Exercise requirements => Beginning with the line containing "Betsy with our" and ending with the line containing "Spring Valley Papaya", write out each line of the records below exactly; pictures and lines outside that range are left out.

Data to examine =>
/---

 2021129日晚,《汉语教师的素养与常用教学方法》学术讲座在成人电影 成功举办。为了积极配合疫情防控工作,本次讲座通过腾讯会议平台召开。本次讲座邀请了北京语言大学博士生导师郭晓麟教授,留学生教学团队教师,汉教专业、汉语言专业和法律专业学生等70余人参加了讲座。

\---
/---

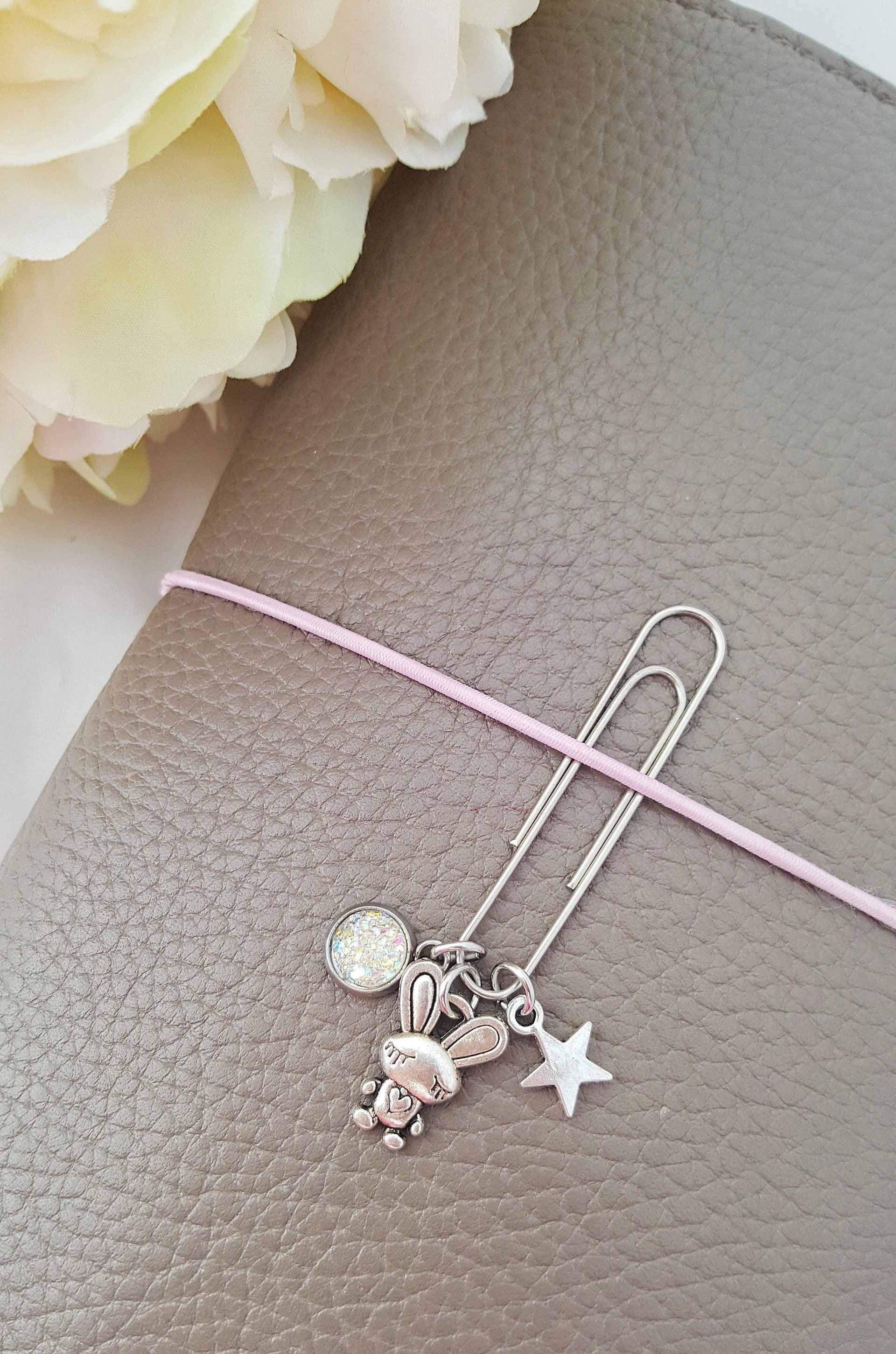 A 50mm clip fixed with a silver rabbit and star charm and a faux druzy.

\---
/---

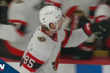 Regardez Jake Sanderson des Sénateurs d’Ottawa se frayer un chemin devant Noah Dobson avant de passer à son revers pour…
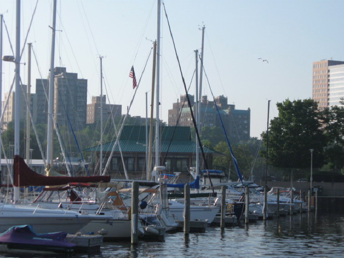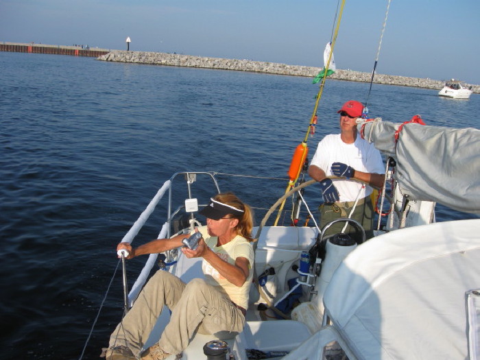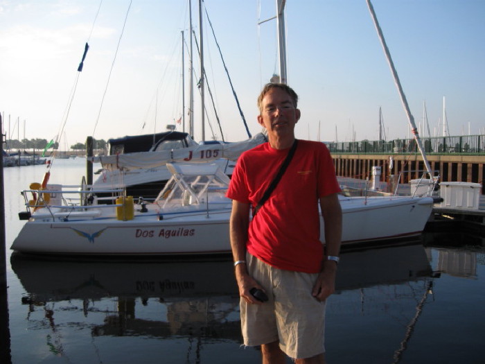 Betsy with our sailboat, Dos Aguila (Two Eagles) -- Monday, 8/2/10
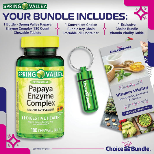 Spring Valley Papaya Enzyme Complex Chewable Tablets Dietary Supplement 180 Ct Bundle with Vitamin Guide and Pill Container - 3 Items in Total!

\---

The answer =>
 Betsy with our sailboat, Dos Aguila (Two Eagles) -- Monday, 8/2/10
 Spring Valley Papaya Enzyme Complex Chewable Tablets Dietary Supplement 180 Ct Bundle with Vitamin Guide and Pill Container - 3 Items in Total!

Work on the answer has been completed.